Top of Dataset records

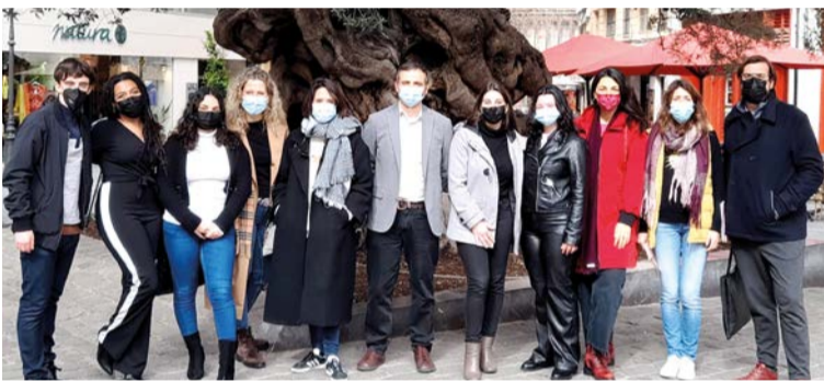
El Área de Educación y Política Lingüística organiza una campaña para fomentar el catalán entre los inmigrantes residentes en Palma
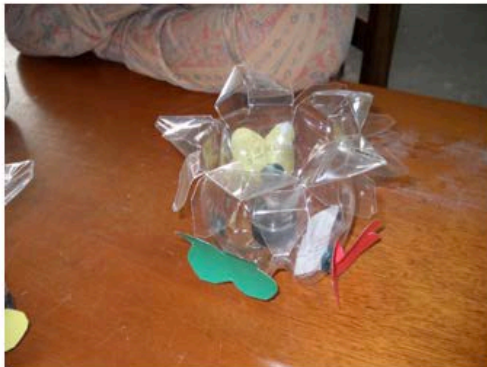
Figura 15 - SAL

Bottom of Dataset records
Top of Dataset records

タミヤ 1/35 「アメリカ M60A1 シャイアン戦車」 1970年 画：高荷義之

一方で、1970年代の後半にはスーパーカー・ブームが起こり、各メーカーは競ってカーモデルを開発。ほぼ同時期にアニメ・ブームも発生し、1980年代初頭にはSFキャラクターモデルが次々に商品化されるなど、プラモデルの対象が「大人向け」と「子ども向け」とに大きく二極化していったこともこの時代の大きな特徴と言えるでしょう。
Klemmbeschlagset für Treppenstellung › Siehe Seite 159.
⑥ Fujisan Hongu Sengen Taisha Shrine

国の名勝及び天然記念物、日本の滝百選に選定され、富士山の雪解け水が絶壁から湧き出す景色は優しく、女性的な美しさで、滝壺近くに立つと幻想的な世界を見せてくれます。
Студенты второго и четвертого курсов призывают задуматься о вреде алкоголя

Bottom of Dataset records

▶ [Action item] Nothing but the lines above from the one that has "El Área de Educación" down to the one that has "Figura 15 - SAL" belongs in the answer, copied exactly, without pictures.

▶ [Task solution]
El Área de Educación y Política Lingüística organiza una campaña para fomentar el catalán entre los inmigrantes residentes en Palma
Figura 15 - SAL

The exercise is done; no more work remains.